Taiwanese networking hardware and telecoms equipment vendor D-Link has issued an urgent advisory to customers, warning them to replace several end-of-life (EoL) VPN router models after a high-risk unauthenticated, remote code execution (RCE) vulnerability was discovered.
The vulnerability exists due to a boundary error. A remote unauthenticated attacker can send specially crafted requests to the device, trigger a stack-based buffer overflow and execute arbitrary code on the target system.
The affected models include DSR-150, DSR-150N, DSR-250, and DSR-250N, with all hardware versions and firmware revisions from 3.13 to 3.17B901C at risk.
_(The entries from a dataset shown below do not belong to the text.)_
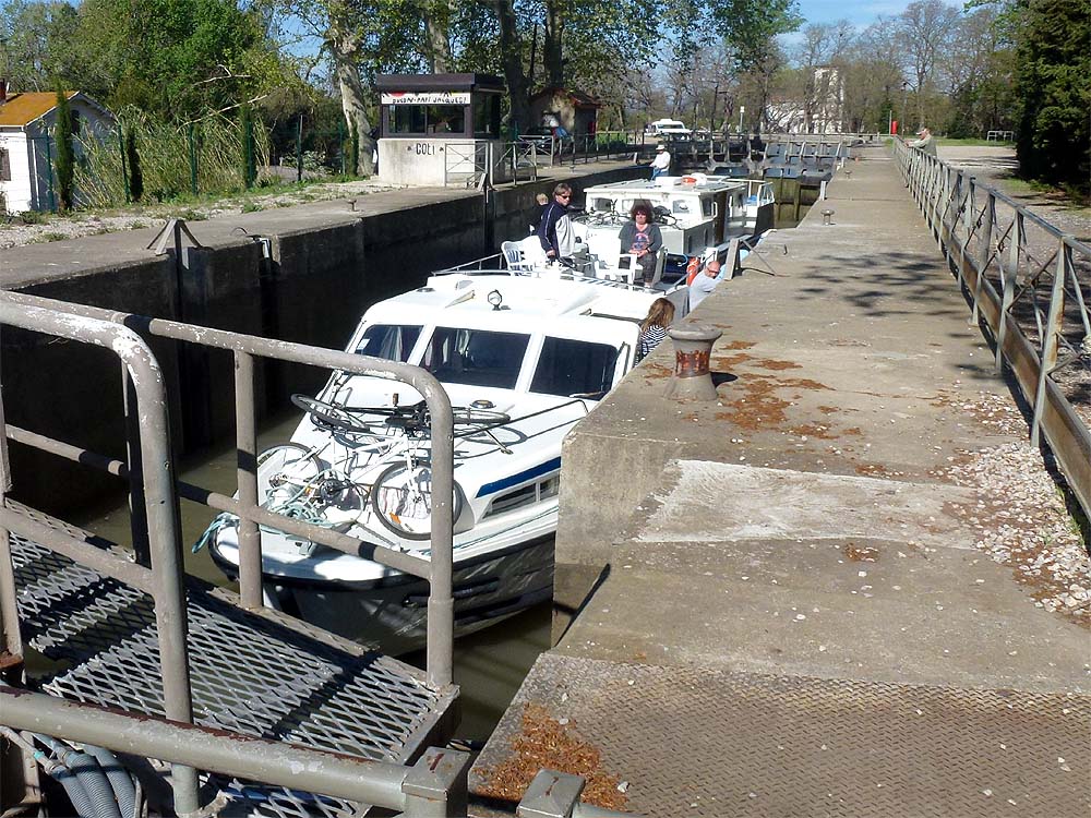 Derweil werden an Schleuse 1 zwei Boote gesenkt. Das ist ganz schön aufregend! Denn wenn man ein Schiff oben verknotet und der Wasserspiegel senkt sich, dann...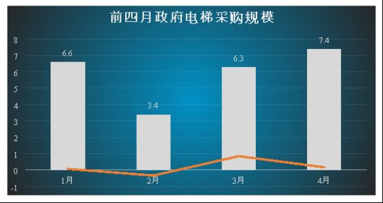 近日,政府采购信息网发布了2019年前四月的电梯采购数据,该统计数据显示,仅4月份,全国共完成电梯政府采购采购规模约7.4亿元,环比增长17.5%,同比增长42.3%。相比去年,2019年前四月电梯采购市场相比有所回暖,并刷新近五年来前四月的采购新高。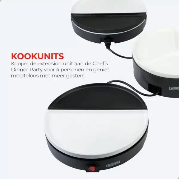 Met een vermogen van 250 Watt per unit biedt deze uitbreidingsset krachtige prestaties. Combineer de uitbreidingsset met de Chef’s Dinner Party basisset 4 persoons of 5 persoons en creëer een gezellige setting waarbij iedereen zijn favoriete gerechten kan bereiden.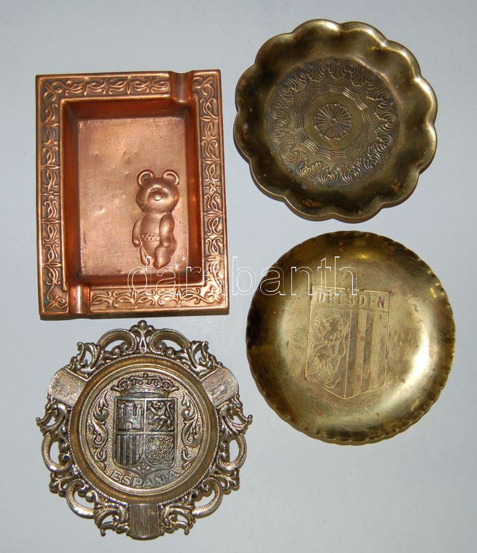 Beschreibung: 4db különböző hamutál, közte: szovjet "Misa" motívumú, Drezda címeres, spanyol modern, réz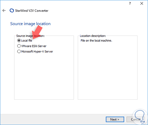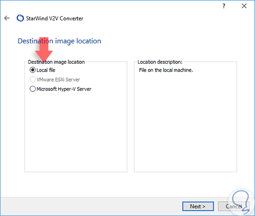 Pulsamos en Siguiente y en la siguiente ventana dejamos la opción por defecto Local file ya que allí almacenaremos el disco duro virtual.

The flaw was identified and privately reported to D-Link by a security researcher. As of yet, technical details remain undisclosed to prevent exploitation in the wild.
The company said that no patches or updates would be issued to address the flaw, as the impacted models officially reached their end-of-service status on May 1, 2024. The company strongly recommends that users replace these devices immediately to protect their networks from potential attacks.
The warning comes mere days after the company disclosed a critical command injection vulnerability (CVE-2024-10914) affecting legacy D-Link DNS-320, DNS-320LW, DNS-325, and DNS-340L NAS devices, which is currently being exploited in the wild.